- [WHAT THE EXERCISE ASKS]: Below, some lines carry pictures; leave those pictures out and retype exactly the lines from the one with "PRDM1 reshaped the" through the one with "3、进入会员开通界面,选好会".

- [EXTRACTED MATERIAL]:

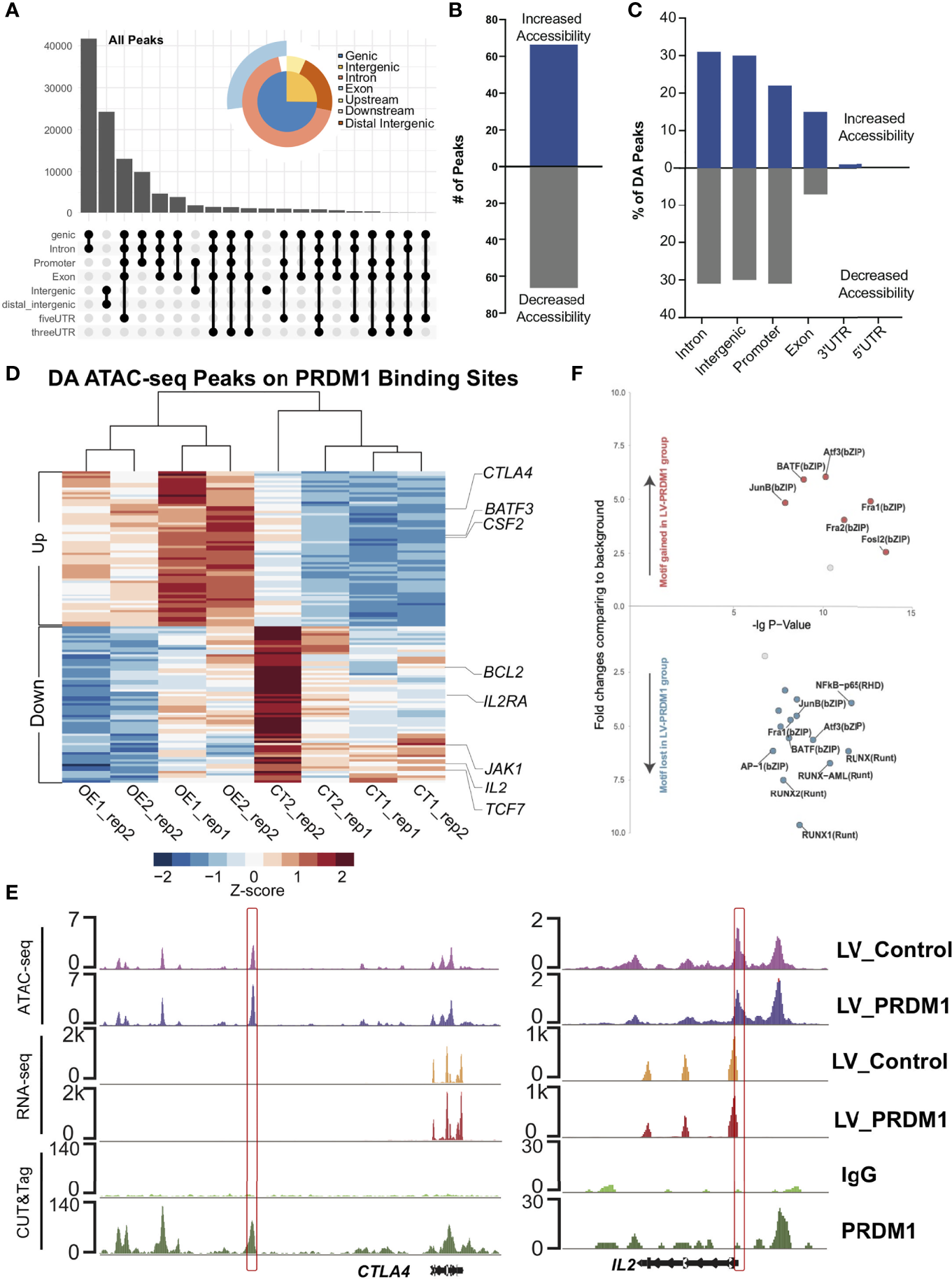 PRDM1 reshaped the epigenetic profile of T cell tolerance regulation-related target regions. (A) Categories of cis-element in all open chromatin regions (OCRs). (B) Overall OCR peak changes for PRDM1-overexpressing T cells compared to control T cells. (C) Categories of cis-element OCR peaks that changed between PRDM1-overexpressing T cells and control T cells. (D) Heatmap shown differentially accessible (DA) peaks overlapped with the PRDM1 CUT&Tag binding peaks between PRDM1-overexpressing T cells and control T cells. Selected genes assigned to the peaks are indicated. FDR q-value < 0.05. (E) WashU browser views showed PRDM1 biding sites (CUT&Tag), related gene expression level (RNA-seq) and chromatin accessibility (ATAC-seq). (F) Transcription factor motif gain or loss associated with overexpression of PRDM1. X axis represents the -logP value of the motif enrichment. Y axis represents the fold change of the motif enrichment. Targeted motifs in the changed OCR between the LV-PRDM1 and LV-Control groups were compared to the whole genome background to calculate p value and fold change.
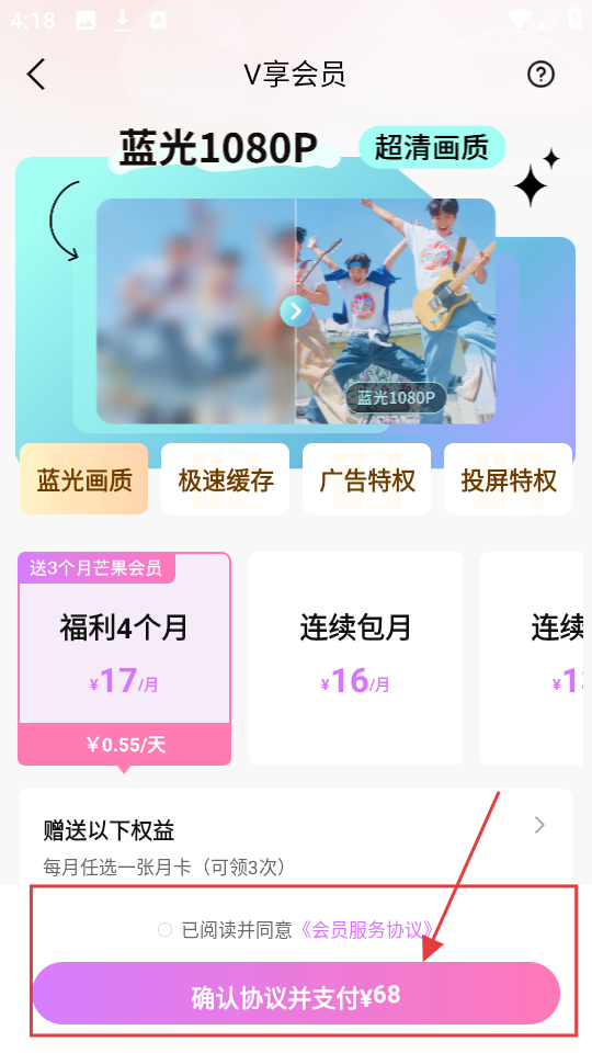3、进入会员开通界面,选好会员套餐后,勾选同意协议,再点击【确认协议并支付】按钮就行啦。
--
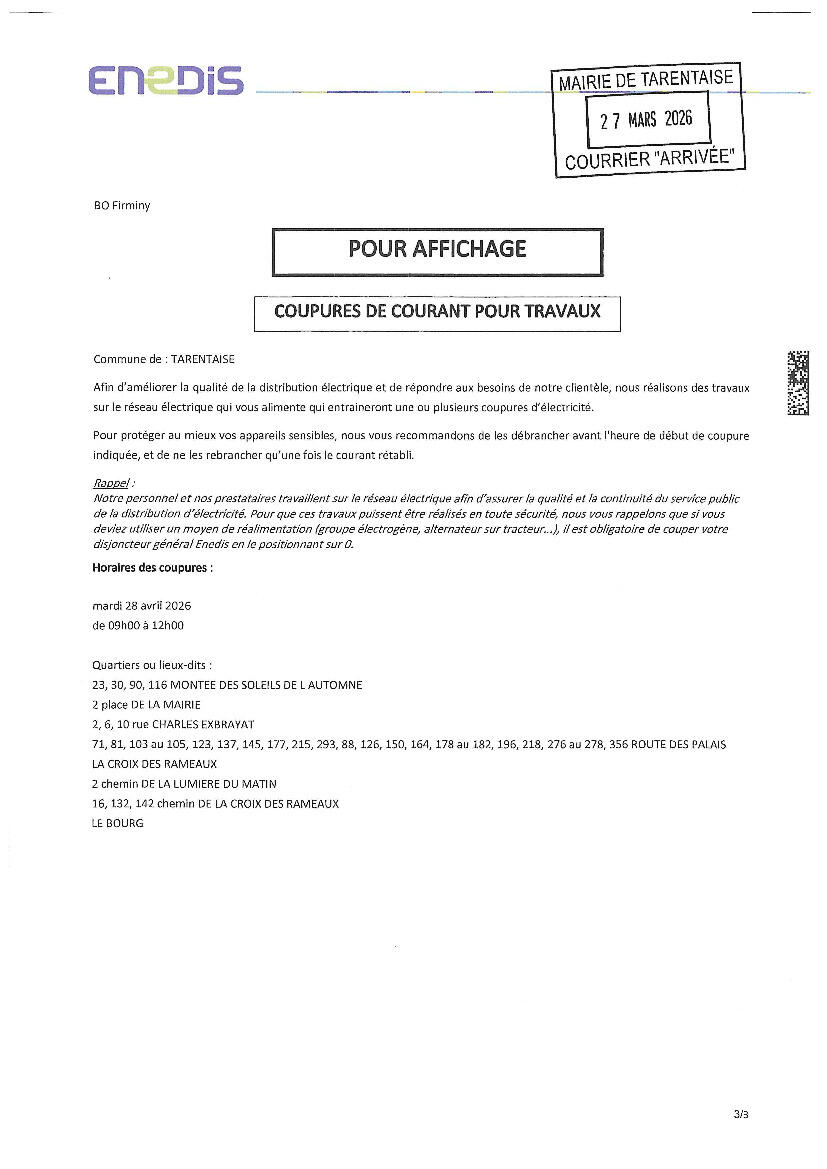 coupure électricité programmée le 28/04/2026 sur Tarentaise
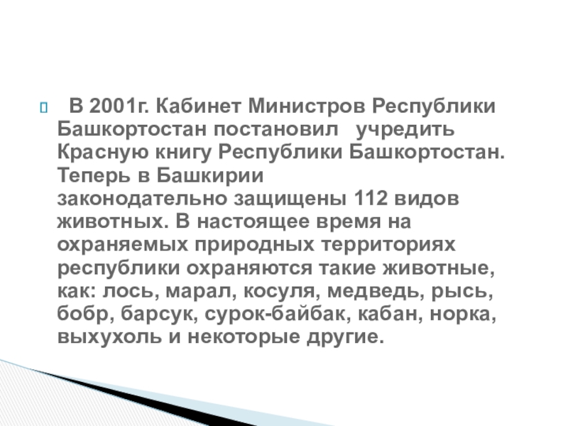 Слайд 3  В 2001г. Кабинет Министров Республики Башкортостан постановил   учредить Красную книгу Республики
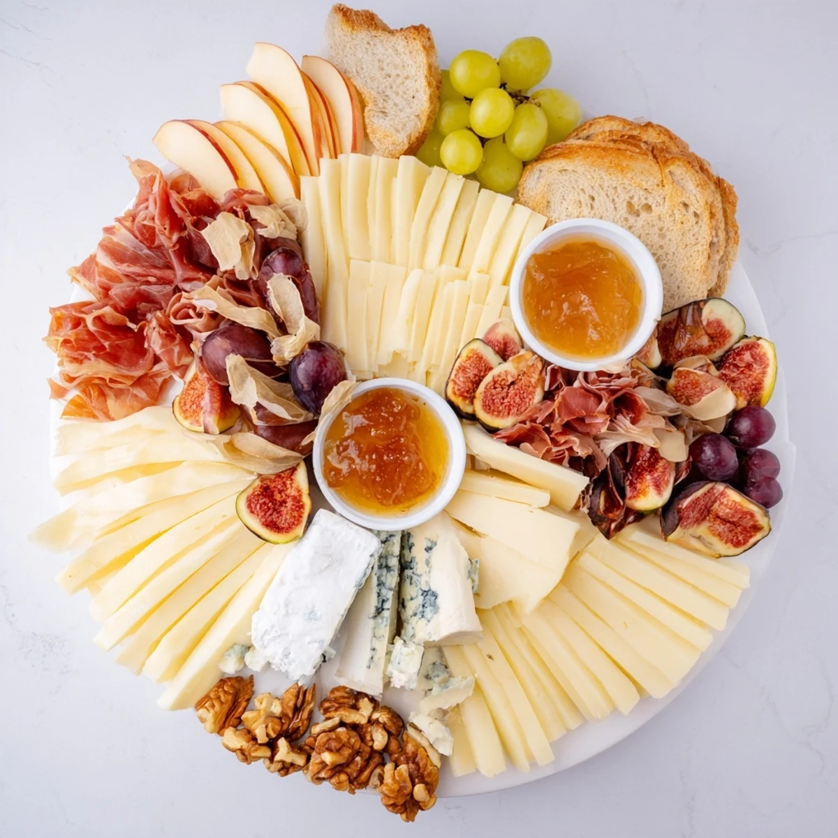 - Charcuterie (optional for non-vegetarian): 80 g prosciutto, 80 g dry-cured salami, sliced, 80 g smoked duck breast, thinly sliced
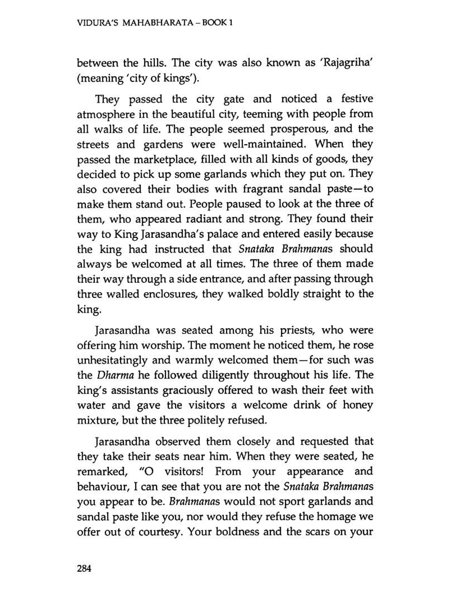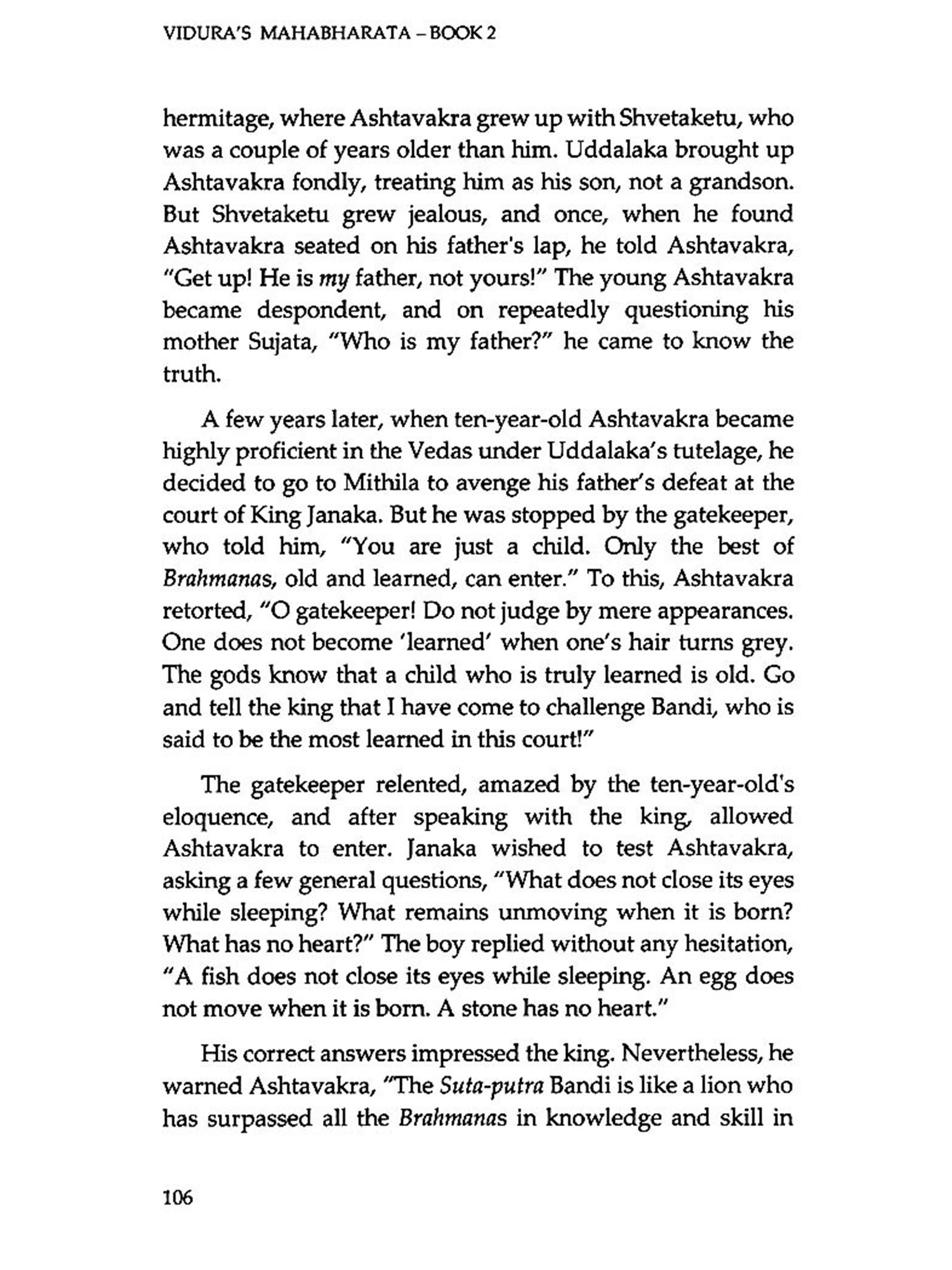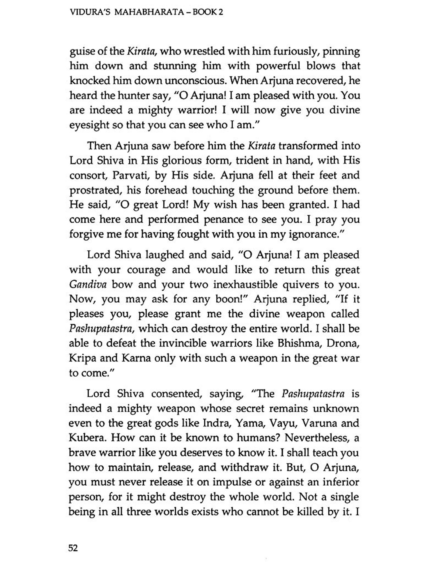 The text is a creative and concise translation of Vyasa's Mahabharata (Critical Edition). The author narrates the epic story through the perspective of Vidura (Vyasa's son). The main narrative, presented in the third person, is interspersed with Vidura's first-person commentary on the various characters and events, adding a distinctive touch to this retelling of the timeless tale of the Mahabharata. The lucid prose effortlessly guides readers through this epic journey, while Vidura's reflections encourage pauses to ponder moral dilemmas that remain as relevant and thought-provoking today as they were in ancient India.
...
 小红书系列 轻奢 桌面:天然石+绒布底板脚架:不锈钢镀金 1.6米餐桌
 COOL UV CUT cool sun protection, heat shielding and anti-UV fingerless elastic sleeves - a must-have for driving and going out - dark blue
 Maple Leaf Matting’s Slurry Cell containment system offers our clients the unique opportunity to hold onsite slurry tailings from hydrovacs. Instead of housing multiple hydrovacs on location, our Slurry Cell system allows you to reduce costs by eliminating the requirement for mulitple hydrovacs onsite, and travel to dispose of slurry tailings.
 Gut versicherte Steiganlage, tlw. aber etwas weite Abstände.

- [REPLY TO THE EXERCISE]:
 PRDM1 reshaped the epigenetic profile of T cell tolerance regulation-related target regions. (A) Categories of cis-element in all open chromatin regions (OCRs). (B) Overall OCR peak changes for PRDM1-overexpressing T cells compared to control T cells. (C) Categories of cis-element OCR peaks that changed between PRDM1-overexpressing T cells and control T cells. (D) Heatmap shown differentially accessible (DA) peaks overlapped with the PRDM1 CUT&Tag binding peaks between PRDM1-overexpressing T cells and control T cells. Selected genes assigned to the peaks are indicated. FDR q-value < 0.05. (E) WashU browser views showed PRDM1 biding sites (CUT&Tag), related gene expression level (RNA-seq) and chromatin accessibility (ATAC-seq). (F) Transcription factor motif gain or loss associated with overexpression of PRDM1. X axis represents the -logP value of the motif enrichment. Y axis represents the fold change of the motif enrichment. Targeted motifs in the changed OCR between the LV-PRDM1 and LV-Control groups were compared to the whole genome background to calculate p value and fold change.
3、进入会员开通界面,选好会员套餐后,勾选同意协议,再点击【确认协议并支付】按钮就行啦。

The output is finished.